Fabian zgniótł ją, zaciskając pięść. Zaczął zastanawiać się nad tym, jak zaczęła jego siostra. Od kogo dostała pierwsze narkotyki, kto ją poczęstował i dlaczego zdecydowała się na dilerkę.

– Damian! – krzyknął łagodny kobiecy głos. Odwrócił wzrok, jedna z prostytutek stała na schodach prowadzących na piętro, gdzie mieściły się dwa pokoje dla klientów dziewczyn. Widział na jej twarzy przerażenie. Wiedział, że stało się coś złego, więc czym prędzej ruszył na górę.

Wszedł do jednego z pokojów i zamarł. Na środku stał z założonymi rękami facet, który wcześniej dał mu prochy. Wyglądał na wściekłego. W rogu siedziała skulona brunetka w skąpym stroju z cekinów, którą Fabian znał już z widzenia.

– Wstawaj, kurwa!
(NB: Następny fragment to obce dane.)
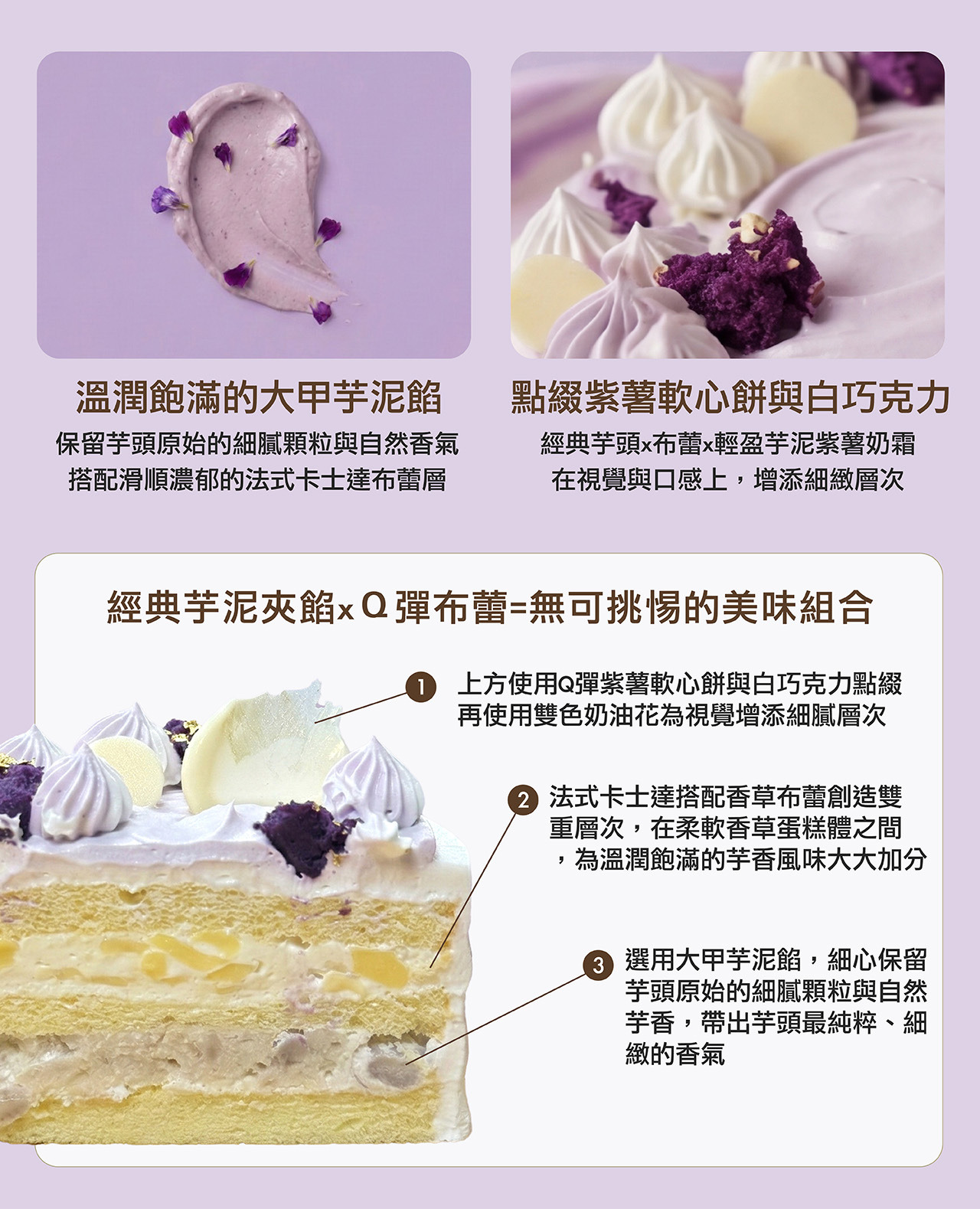 ✦本產品為葷食(上層紫薯軟心餅為葷食,其餘為蛋奶素)。

Masz za chwilę następnego klienta! – krzyknął na nią gangster.

Roztrzęsiona dziewczyna podniosła zakrwawioną twarz.

– Co jest? – zapytał Fabian.

– Nic, znowu miała tego popierdolonego klienta. To kumpel Roberta i nie mamy nic do gadania. Weź ją ogarnij i niech wraca do roboty, ja zejdę na dół, ogarnąć kolejkę przy wejściu. Pospieszcie się, nie płacimy laskom za rozpaczanie w kącie.

– Zajmę się tym. – Ściągnął z łóżka koc i okrył nim dziewczynę. – Chodź, uspokój się. Przynieś coś, żeby się umyła – zwrócił się do jej koleżanki. – A ty musisz się ogarnąć i wracać do pracy.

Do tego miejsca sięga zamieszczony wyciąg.